Medical researchers have launched India’s first study to measure the real-world effectiveness of Covishield and Covaxin by documenting the vaccination status of Covid-19 patients admitted with severe disease at 11 sites across the country.

The study by the National Institute of Epidemiology (NIE), Chennai, a unit of the Indian Council of Medical Research (ICMR), will compare the vaccination status of 1,300 patients with severe Covid-19 and 2,600 people who test negative for Covid-19.

“If the vaccines are effective, we’d expect to find the proportion of unvaccinated people to be significantly higher in patients with severe disease than in people who test negative for Covid-19,” Tarun Bhatnagar, a senior scientist at the NIE and principal investigator of the study, told The Telegraph.

The fractions of those vaccinated among the 1,300 hospitalised patients and the 2,600 Covid-19 negative people will yield estimates of effectiveness.

For example, if 1,000 of the 1,300 with severe disease are unvaccinated and only 200 of the 2,600 negative controls are unvaccinated, that would imply vaccine efficacy. However, if 650 of the 1,300 with severe disease are unvaccinated and 1,300 of 2,600 negative controls are unvaccinated, that would mean there is no observed efficacy.

The NIE will collaborate with the All India Institutes of Medical Sciences in Delhi, Bhubaneswar, Jodhpur and Rishikesh and seven other hospitals in Chennai, Delhi, Kochi, Mysore, Nagpur, Puducherry, and Surat to recruit the study participants from different geographical regions.

The ICMR’s National Institute of Virology, Pune, will sequence the genomes of the viruses from the Covid-19 positive cases to analyse the effectiveness of vaccines against different variants of the virus circulating in India.

The study represents the first systematic effort to determine how well Covishield and Covaxin work in real-life conditions in India since the country launched its Covid-19 vaccination campaign in January.

The campaign had until Saturday administered over 184 million doses of Covishield, the AstraZeneca vaccine produced in India by the Serum Institute, and over 22 million doses of Covaxin, the homegrown vaccine from Bharat Biotech.
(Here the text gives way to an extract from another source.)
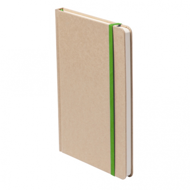Cardboard covered notebook with 100 sheets, coloured bookmark and rubber strap. Design Raimok

Two doses are required for full protection.

“Real-life evaluation studies are overdue in India,” said Santanu Tripathi, a clinical pharmacologist and former professor at the Calcutta School of Tropical Medicine, who is not involved with the ICMR study.

Tripathi had proposed in January this year a study to monitor one million vaccine recipients over a six-month period that would help estimate what proportion among them may develop Covid-19 infection.

His proposal to Bengal’s health authorities had not evoked a favourable response, Tripathi said.

Clinical trials earlier had found Covishield 82 per cent efficacious in protecting people from the infection with a 12-week gap between doses, while Covaxin was 78 per cent efficacious with a four-week gap between doses. Both vaccines were found to be 100 per cent efficacious against severe disease.

But researchers underline that real-world effectiveness studies are critical to determine if efficacy observed in clinical trials in samples of volunteers under controlled conditions are replicated through population-based studies after millions of people have received doses.

“Clinical trials assess efficacy, they probe the question; does it work? Effectiveness is performance in the real world. We’re asking the question: did it work?” Bhatnagar said.

“Through our study, we will be able to get numbers for the effectiveness in terms of percentages.”

Researchers say real-world effectiveness may deviate from clinical trial results as subtle variations in individuals’ responses to vaccines that remain undetectable in clinical trial samples may show up when large numbers of people are vaccinated.

The emergence of variants with mutations that allow the virus to escape certain immune responses is another reason for assessing real-world effectiveness of vaccines. Genome studies have suggested that a variant designated B.1.617 with such mutations has likely contributed to India’s second Covid-19 wave.

Health authorities in the UK have found that two doses of AstraZeneca vaccine were 60 per cent effective against symptomatic disease from the B.1.617 variant compared to 66 per cent effectiveness against B.1.1.7, a fast-spreading variant first detected in the UK.

Bengal study

Bengal’s health department is preparing for an independent assessment of the vaccines through a study of around 500 patients with severe Covid-19 admitted over a seven-day period in five Calcutta hospitals.

The Calcutta study, also proposed by Tripathi, will involve documenting the vaccination status of all these hospitalised Covid-19 patients and assess its association with disease severity or fatality, compared to those unvaccinated.

The five sites are the Infectious Diseases and Beliaghata General Hospital, RG Kar Medical College Hospital, Medical College Hospital, Calcutta, MR Bangur Hospital and the Chittaranjan Cancer Research Institute.

The study also seeks to provide an audit of treatment practices, especially the use of steroids and oxygen, and vaccination status of the patients with severe Covid-19.

“We’ll be able to estimate rates of breakthrough infections in vaccinated people and compare the course of their disease and severity with infections in unvaccinated people,” Tripathi said.